* _PROVIDED RECORDS_:
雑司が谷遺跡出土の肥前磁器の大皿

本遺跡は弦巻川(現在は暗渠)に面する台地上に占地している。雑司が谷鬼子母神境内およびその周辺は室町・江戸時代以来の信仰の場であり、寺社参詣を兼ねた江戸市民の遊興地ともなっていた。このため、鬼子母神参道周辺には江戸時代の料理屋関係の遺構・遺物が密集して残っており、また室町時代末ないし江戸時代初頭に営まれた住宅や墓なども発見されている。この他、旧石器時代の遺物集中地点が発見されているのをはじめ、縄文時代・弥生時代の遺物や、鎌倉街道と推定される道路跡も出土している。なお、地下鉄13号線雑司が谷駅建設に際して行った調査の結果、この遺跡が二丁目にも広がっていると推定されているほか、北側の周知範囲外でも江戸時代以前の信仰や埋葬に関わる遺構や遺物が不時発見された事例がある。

==

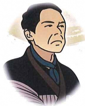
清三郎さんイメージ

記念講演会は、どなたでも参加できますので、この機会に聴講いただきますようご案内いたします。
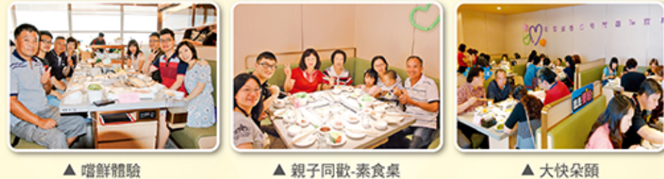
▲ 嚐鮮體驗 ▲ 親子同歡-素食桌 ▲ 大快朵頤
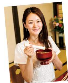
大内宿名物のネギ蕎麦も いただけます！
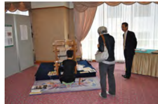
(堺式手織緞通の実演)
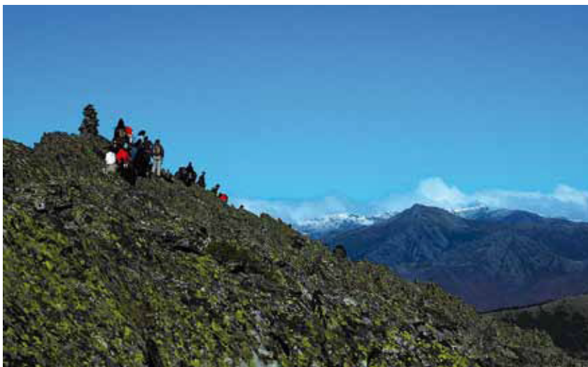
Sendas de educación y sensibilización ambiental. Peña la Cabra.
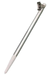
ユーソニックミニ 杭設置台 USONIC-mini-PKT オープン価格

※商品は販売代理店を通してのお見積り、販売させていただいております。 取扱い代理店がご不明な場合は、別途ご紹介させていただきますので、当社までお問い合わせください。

* _TASK OBJECTIVE_: Copy out the range of lines above starting at the line with "雑司が谷遺跡出土の肥前磁器の大皿" and ending at the line with "本遺跡は弦巻川(現在は暗渠)", exactly and including both.

* _EXERCISE RESULT_:
雑司が谷遺跡出土の肥前磁器の大皿

本遺跡は弦巻川(現在は暗渠)に面する台地上に占地している。雑司が谷鬼子母神境内およびその周辺は室町・江戸時代以来の信仰の場であり、寺社参詣を兼ねた江戸市民の遊興地ともなっていた。このため、鬼子母神参道周辺には江戸時代の料理屋関係の遺構・遺物が密集して残っており、また室町時代末ないし江戸時代初頭に営まれた住宅や墓なども発見されている。この他、旧石器時代の遺物集中地点が発見されているのをはじめ、縄文時代・弥生時代の遺物や、鎌倉街道と推定される道路跡も出土している。なお、地下鉄13号線雑司が谷駅建設に際して行った調査の結果、この遺跡が二丁目にも広がっていると推定されているほか、北側の周知範囲外でも江戸時代以前の信仰や埋葬に関わる遺構や遺物が不時発見された事例がある。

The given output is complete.